*Task goal*: Each line between the one holding "- For the last" and the end of the material below, both included, is to be transcribed word for word, with pictures left out.

*Recorded data*:
###

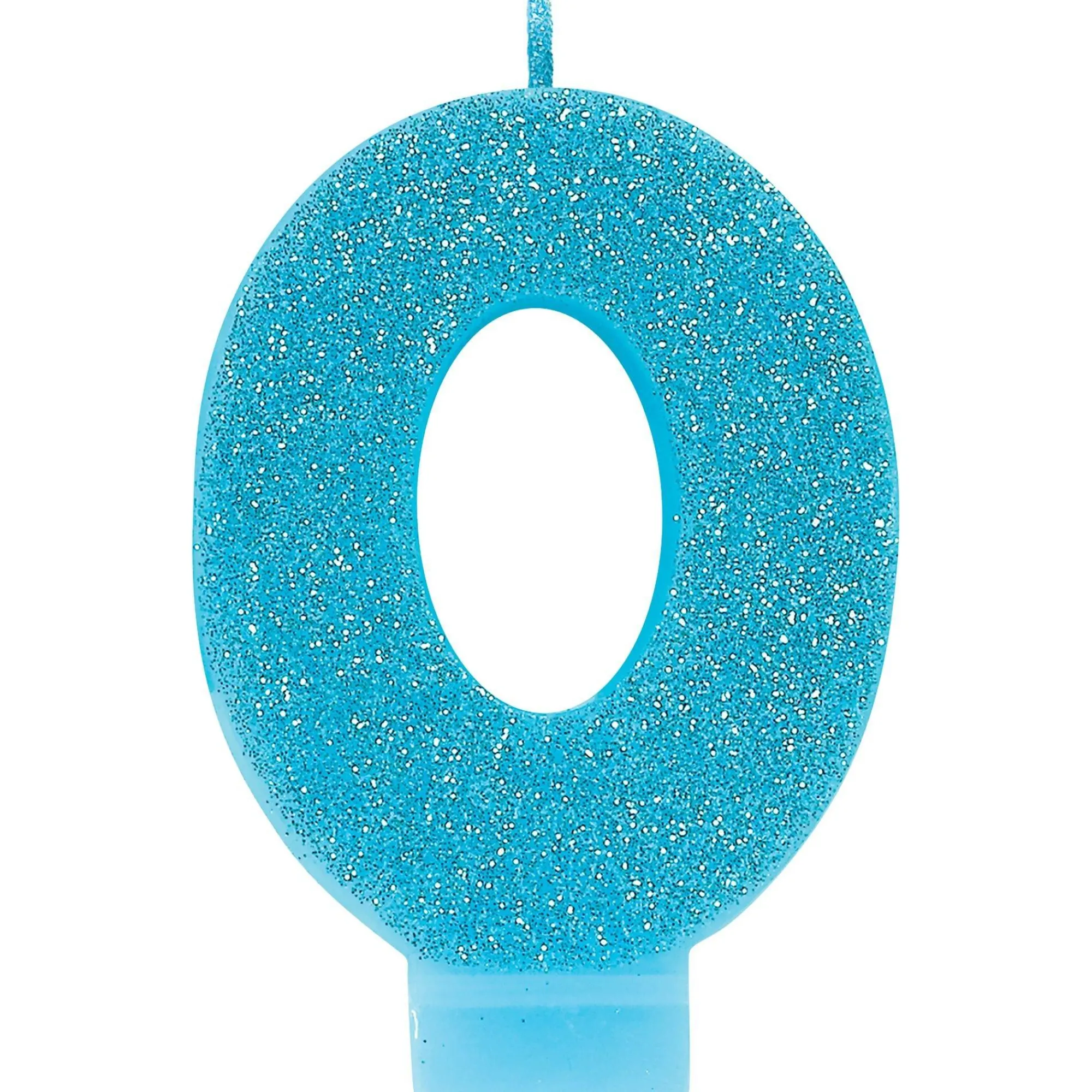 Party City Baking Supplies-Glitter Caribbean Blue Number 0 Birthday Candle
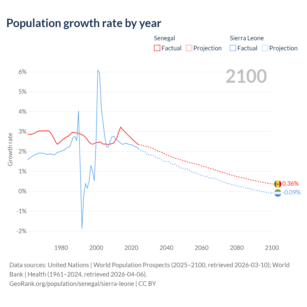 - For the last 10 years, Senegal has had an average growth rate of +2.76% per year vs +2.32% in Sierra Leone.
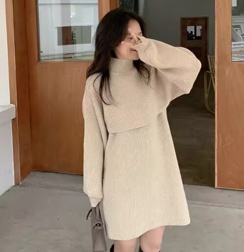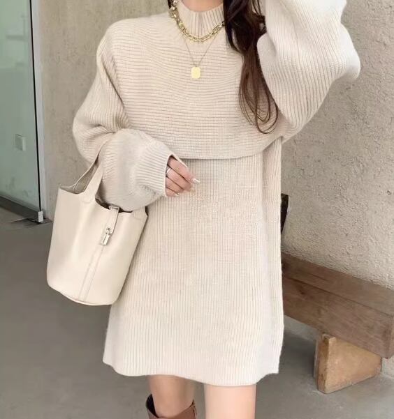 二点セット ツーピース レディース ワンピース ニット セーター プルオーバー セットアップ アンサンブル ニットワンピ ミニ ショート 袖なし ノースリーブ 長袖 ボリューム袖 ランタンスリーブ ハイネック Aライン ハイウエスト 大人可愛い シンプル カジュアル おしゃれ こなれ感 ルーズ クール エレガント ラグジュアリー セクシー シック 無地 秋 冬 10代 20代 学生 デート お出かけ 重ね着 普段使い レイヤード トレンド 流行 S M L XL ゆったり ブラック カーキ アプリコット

###

*Exercise answer*:
 - For the last 10 years, Senegal has had an average growth rate of +2.76% per year vs +2.32% in Sierra Leone.
 二点セット ツーピース レディース ワンピース ニット セーター プルオーバー セットアップ アンサンブル ニットワンピ ミニ ショート 袖なし ノースリーブ 長袖 ボリューム袖 ランタンスリーブ ハイネック Aライン ハイウエスト 大人可愛い シンプル カジュアル おしゃれ こなれ感 ルーズ クール エレガント ラグジュアリー セクシー シック 無地 秋 冬 10代 20代 学生 デート お出かけ 重ね着 普段使い レイヤード トレンド 流行 S M L XL ゆったり ブラック カーキ アプリコット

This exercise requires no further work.